╭─ Supplied records

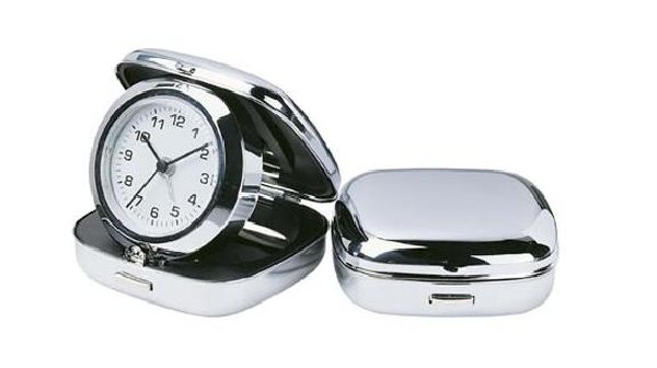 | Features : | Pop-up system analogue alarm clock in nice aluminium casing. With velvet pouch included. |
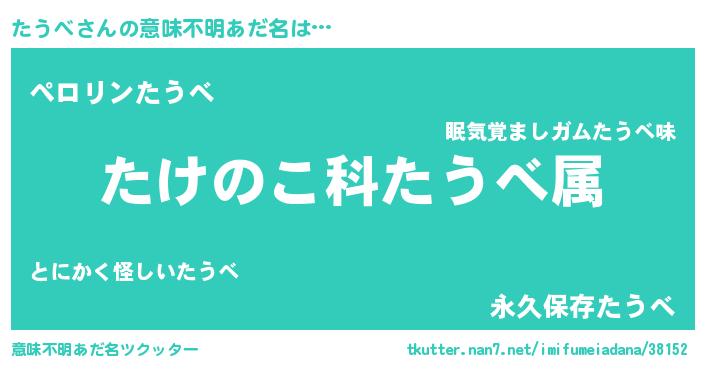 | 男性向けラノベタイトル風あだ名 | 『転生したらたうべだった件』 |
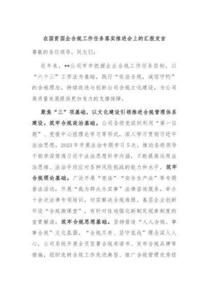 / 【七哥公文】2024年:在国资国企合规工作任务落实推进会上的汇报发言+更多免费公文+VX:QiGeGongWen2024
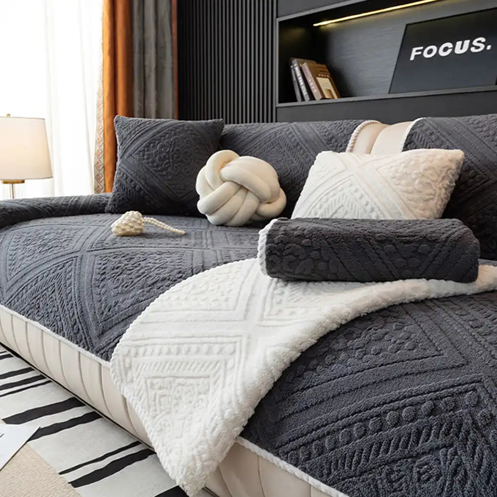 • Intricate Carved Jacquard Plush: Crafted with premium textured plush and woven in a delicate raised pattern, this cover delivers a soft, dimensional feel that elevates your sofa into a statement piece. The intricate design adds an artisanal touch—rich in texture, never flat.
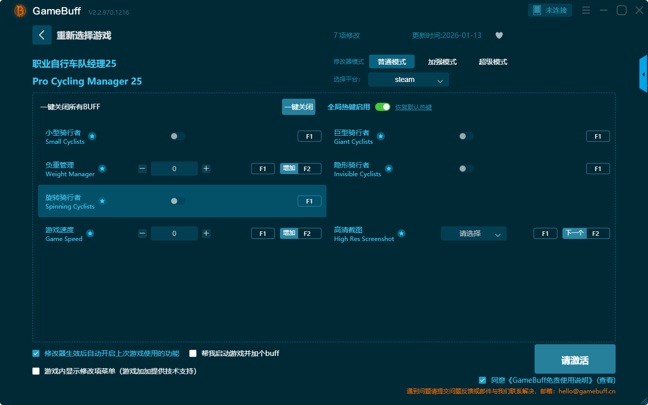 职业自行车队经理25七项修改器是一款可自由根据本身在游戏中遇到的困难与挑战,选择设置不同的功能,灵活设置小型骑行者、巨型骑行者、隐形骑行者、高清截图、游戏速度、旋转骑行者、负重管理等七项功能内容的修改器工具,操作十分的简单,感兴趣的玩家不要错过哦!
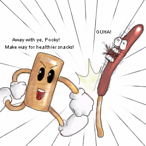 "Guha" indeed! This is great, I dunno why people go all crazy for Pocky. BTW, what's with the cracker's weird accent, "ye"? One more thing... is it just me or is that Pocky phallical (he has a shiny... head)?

╰─
╭─ Supplied records

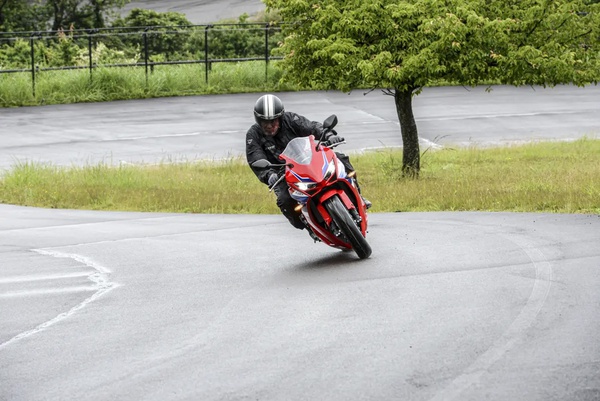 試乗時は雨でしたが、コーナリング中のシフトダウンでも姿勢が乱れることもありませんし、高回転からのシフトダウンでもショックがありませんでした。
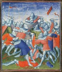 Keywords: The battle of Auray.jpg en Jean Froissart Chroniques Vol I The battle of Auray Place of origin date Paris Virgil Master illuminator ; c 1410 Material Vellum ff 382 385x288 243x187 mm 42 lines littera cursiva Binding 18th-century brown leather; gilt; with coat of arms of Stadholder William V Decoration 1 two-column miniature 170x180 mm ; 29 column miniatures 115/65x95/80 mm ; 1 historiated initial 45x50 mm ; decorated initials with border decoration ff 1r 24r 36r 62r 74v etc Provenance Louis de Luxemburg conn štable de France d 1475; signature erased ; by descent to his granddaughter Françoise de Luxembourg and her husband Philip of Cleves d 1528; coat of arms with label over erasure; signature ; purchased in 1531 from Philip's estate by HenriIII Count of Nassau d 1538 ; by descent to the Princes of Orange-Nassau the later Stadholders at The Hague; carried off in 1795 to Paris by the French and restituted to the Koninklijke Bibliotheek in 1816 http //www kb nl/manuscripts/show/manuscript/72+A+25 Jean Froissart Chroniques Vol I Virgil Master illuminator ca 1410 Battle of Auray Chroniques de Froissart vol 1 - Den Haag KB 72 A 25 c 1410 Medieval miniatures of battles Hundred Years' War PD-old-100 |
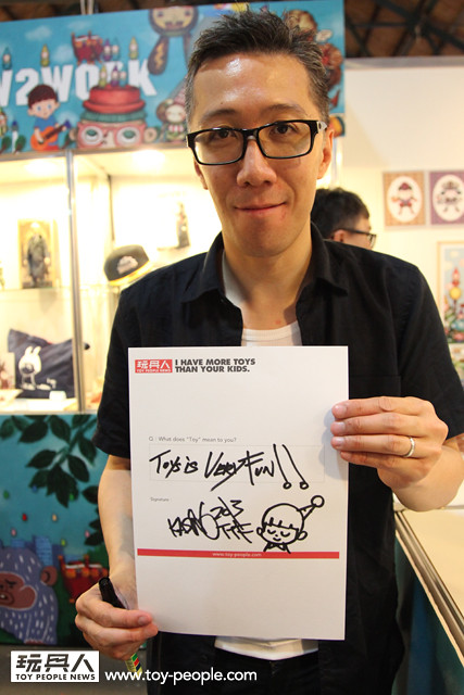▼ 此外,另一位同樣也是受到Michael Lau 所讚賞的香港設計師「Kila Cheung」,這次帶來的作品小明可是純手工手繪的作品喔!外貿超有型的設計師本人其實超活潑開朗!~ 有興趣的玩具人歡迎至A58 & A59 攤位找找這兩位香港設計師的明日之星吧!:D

╰─

= The task =
From the material above, output only the span of lines that starts at the one containing "pouch included. |" and finishes at the one containing "职业自行车队经理25七项修改", word for word and free of pictures.

= Completed task =
 | Features : | Pop-up system analogue alarm clock in nice aluminium casing. With velvet pouch included. |
 | 男性向けラノベタイトル風あだ名 | 『転生したらたうべだった件』 |
 / 【七哥公文】2024年:在国资国企合规工作任务落实推进会上的汇报发言+更多免费公文+VX:QiGeGongWen2024
 • Intricate Carved Jacquard Plush: Crafted with premium textured plush and woven in a delicate raised pattern, this cover delivers a soft, dimensional feel that elevates your sofa into a statement piece. The intricate design adds an artisanal touch—rich in texture, never flat.
 职业自行车队经理25七项修改器是一款可自由根据本身在游戏中遇到的困难与挑战,选择设置不同的功能,灵活设置小型骑行者、巨型骑行者、隐形骑行者、高清截图、游戏速度、旋转骑行者、负重管理等七项功能内容的修改器工具,操作十分的简单,感兴趣的玩家不要错过哦!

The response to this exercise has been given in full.